From the line that has "C’est sur cette" down to the last line of the data below, set down every line exactly, but none of the pictures.

— Collected material —
[Start of section]

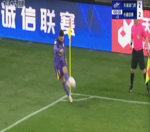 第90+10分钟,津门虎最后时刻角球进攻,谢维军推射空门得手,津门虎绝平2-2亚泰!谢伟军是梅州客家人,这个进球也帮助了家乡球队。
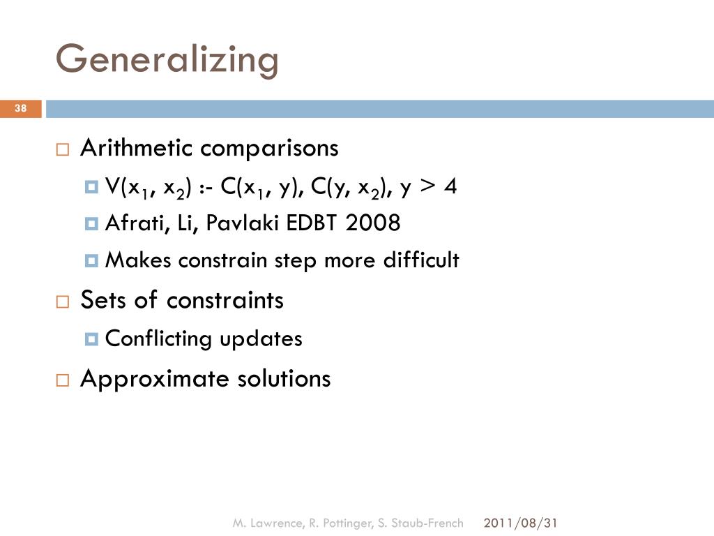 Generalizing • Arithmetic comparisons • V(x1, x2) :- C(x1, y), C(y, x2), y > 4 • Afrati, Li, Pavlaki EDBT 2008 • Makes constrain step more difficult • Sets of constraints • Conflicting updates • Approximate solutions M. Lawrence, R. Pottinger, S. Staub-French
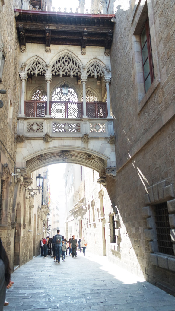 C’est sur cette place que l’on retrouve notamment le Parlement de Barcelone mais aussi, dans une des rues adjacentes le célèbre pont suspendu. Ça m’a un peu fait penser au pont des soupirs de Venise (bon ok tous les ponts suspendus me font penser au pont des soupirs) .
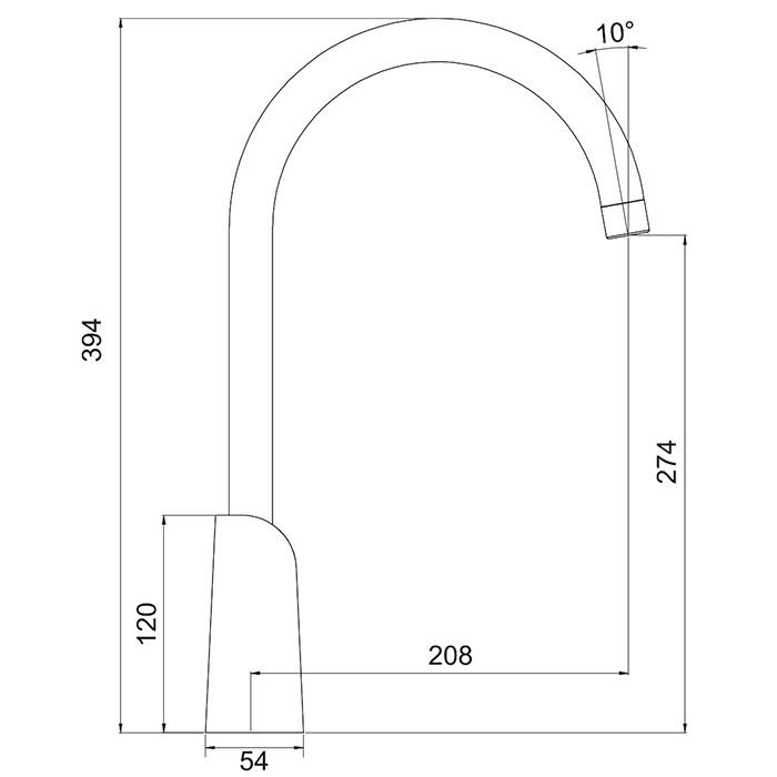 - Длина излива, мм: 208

[End of section]

— Answer to this exercise —
 C’est sur cette place que l’on retrouve notamment le Parlement de Barcelone mais aussi, dans une des rues adjacentes le célèbre pont suspendu. Ça m’a un peu fait penser au pont des soupirs de Venise (bon ok tous les ponts suspendus me font penser au pont des soupirs) .
 - Длина излива, мм: 208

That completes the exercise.